Verhaal uit Senegal: De ontevreden vis
Al heel lang leefden veel kleine vissen in een sloot. De meeste waren
gelukkig en vriendelijk. Maar er was één vis die groter en sterker was
dan alle andere.
Hij schepte vaak op om de andere te laten merken dat hij beter was dan
zij.
“Jongen”, zei hij, als een andere vis te dicht bij hem kwam, “draai toch
niet zo om mij heen. Ga weg!”
Op een dag zei één van de oudste vissen tot de grote vis: “Waarom ga je
niet weg uit onze kleine sloot en ga je in de grote rivier leven? Een zo
belangrijke en grote vis als jij, moet toch niet met ons kleine visjes
omgaan. Jij moet met de grote vissen leven.”
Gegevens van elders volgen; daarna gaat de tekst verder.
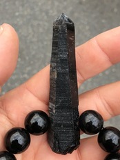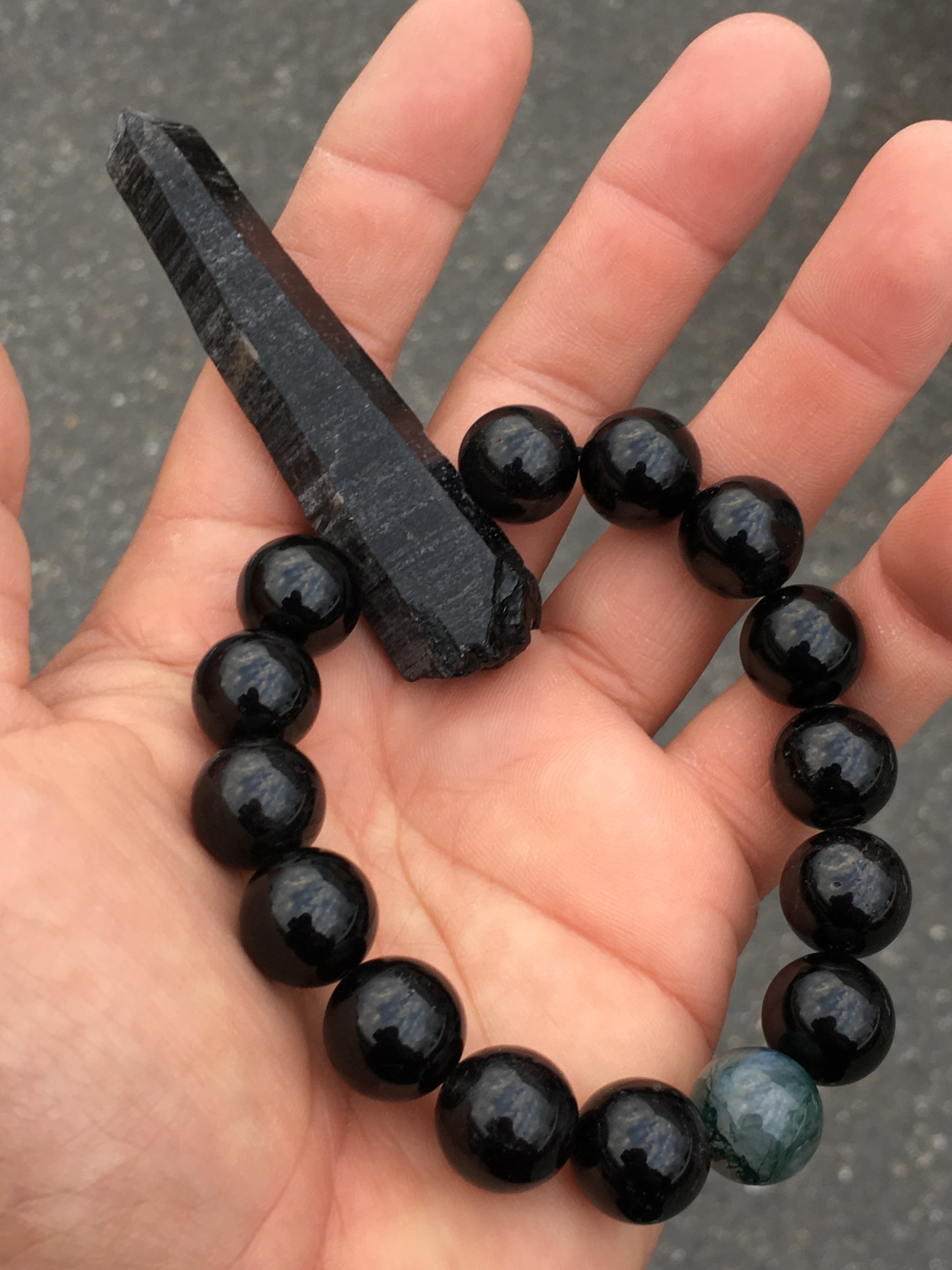 モンゴルのモリオンポイントと山東省のモリオン14mm玉、モスアゲートのビーズでブレスレットを組みました。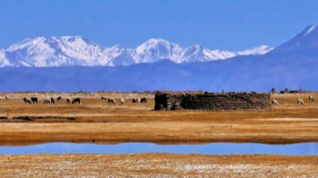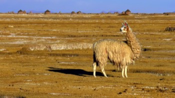 C’est dans un silence incroyable avec des sommets enneigés entrecoupés d’autres sommets, ceux des chapeaux pointus des cases Chipayas, le tout sur un sol plus ou moins asséché d’un blanc de sel et de glace, d’une végétation rare avec lamas et moutons, que nous ressentons ce moment de vie rarissime.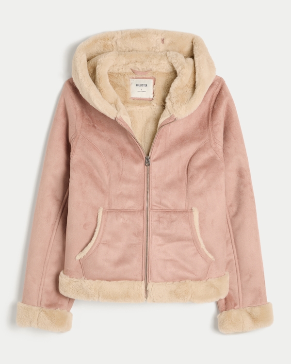 ピンク Hollister フェイクファーフード ボンバーコートy2k Women's Faux Fur-Lined Faux Shearling Hoodie Jacket | Women's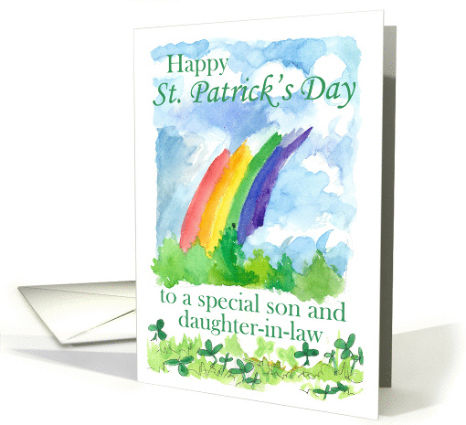 | Title: | Happy St. Patrick's Day Son and Daughter in Law Rainbow Clover Watercolor |

De grote vis dacht hier een paar dagen over na en besloot toen om zijn
thuis te verlaten en een betere plek te zoeken. “Mijn vriend heeft
gelijk”, zei hij tot zichzelf, “niemand weet hoe beu ik deze kleine
vissen hier ben! Als de vloed komt moet ze mij meenemen naar de grote
rivier.”
Nadat het enkele dagen veel en hard geregend had, kwam er een grote
vloedgolf. De grote vis legde zich op de golf en liet zich zo de rivier
in dragen. Hij dacht aan het goede leven dat daar op hem zou wachten. Hij
rustte even uit.
Plotseling merkte hij dat er wel vier of vijf vissen boven zijn kop
rondzwommen, die veel groter waren dan hij. Eentje van hen keek naar
beneden en zei boos:”Uit de weg, jij kleintje! Weet je dan niet dat dit
onze jachtrivier is?”
De arme vis verstopte zich snel achter enkele algen, toen er ineens een
zwarte en een witte vis met opengesperde bek op hem toeschoten. Die
hadden hem beslist opgegeten als het hem niet op het laatste moment
gelukt was, zich te verstoppen.
“Jeetje”, zei hij buiten adem, “ik hoop dat er in deze rivier niet nog
meer van dit soort vissen zijn. Hoe moet ik anders overleven als ik me de
hele dag moet verstoppen en geen tijd heb om eten te zoeken?”
Toen het nacht geworden was, kwam hij uit zijn hoekje tevoorschijn om op
zoek te gaan naar wat eten. Plotseling voelde hij veel pijn aan zijn
staart en toen hij zich omdraaide, keek hij recht in het gezicht van een
grote tijgervis. Hij wilde al afscheid nemen van het leven, want hij wist
zeker dat hij nu dood zou gaan. Maar toen voer er een boot boven hen
langs. Het water draaide daardoor zo in het rond, dat hij van de
tijgervis kon wegvluchten en zich in het zand kon verstoppen.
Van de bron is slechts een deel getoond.